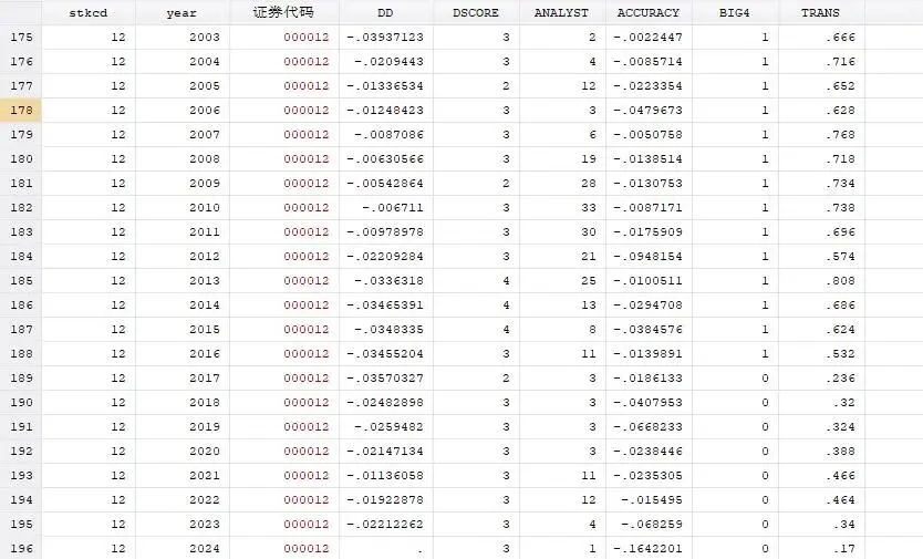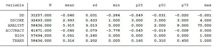 :先计算同一年不同分析师预测的每股盈余的中位数,然后减去实际每股盈余,再除于上年度的每股股价。然后将这一数值取绝对值并乘以-1,得到ACCURACY。这样,ACCURACY越大,分析师盈余预测越准确。分析师盈余预测越准确,信息透明度可能越高。
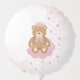 Birthday girl balloon features pink glitter, starry dream big little one with hearts typography/customizable name, and a cute sleepy brown bear wearing a crown sitting on a cloud.
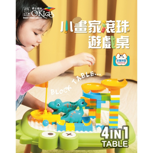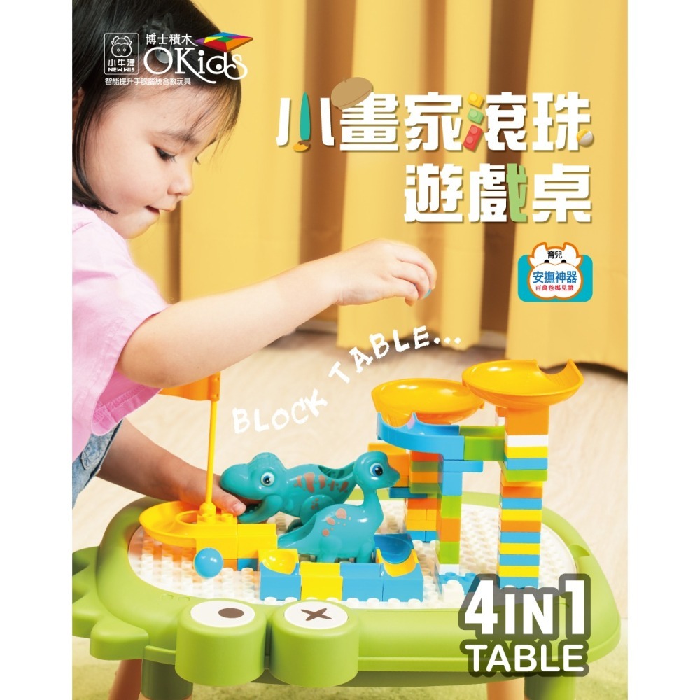 ●滾珠積木桌/塗鴉畫板/成長學習/整理收納-多功能4合1
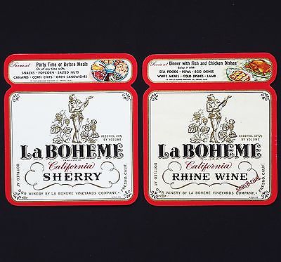 La Boheme California Rhine Wine Sherry Vintage Old Label Set Fresno California
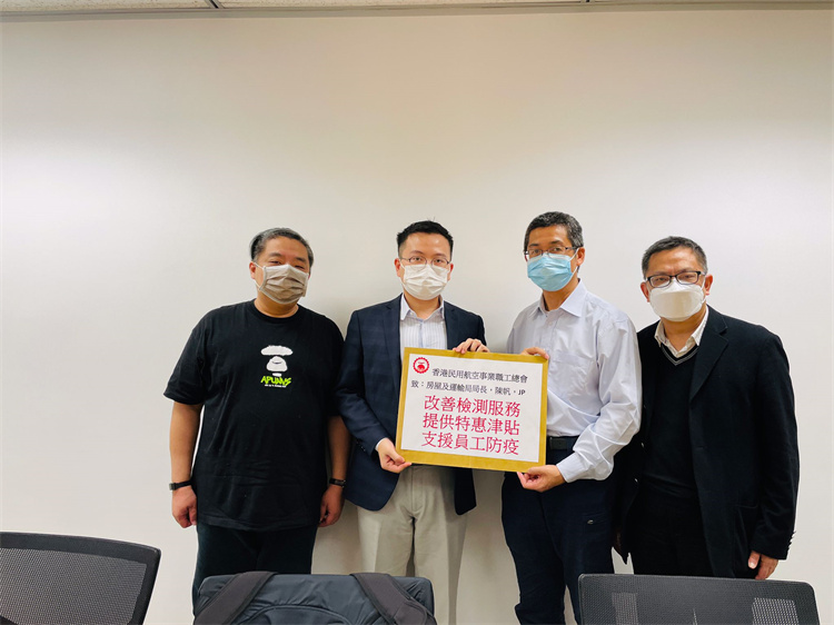 香港民用航空事業職工總會今日(17日)約見機管局營運總監李佳惠和運輸及房屋局政治助理符傳富,工會主席李永富歡迎政府按要求於航膳區增設檢測點並延長服務時間,惟現時要求特定機場工作人員須進行2日1檢,機場檢測站設施未能滿足需求,因此促請政府於機場跑道尾維修區增設檢測點並建議部分服務點應根據需要改為24小時服務。

# What this task involves:
Everything in the entries except the pictures must be duplicated exactly.

# Response area:
 :先计算同一年不同分析师预测的每股盈余的中位数,然后减去实际每股盈余,再除于上年度的每股股价。然后将这一数值取绝对值并乘以-1,得到ACCURACY。这样,ACCURACY越大,分析师盈余预测越准确。分析师盈余预测越准确,信息透明度可能越高。
 Birthday girl balloon features pink glitter, starry dream big little one with hearts typography/customizable name, and a cute sleepy brown bear wearing a crown sitting on a cloud.
 ●滾珠積木桌/塗鴉畫板/成長學習/整理收納-多功能4合1
 La Boheme California Rhine Wine Sherry Vintage Old Label Set Fresno California
 香港民用航空事業職工總會今日(17日)約見機管局營運總監李佳惠和運輸及房屋局政治助理符傳富,工會主席李永富歡迎政府按要求於航膳區增設檢測點並延長服務時間,惟現時要求特定機場工作人員須進行2日1檢,機場檢測站設施未能滿足需求,因此促請政府於機場跑道尾維修區增設檢測點並建議部分服務點應根據需要改為24小時服務。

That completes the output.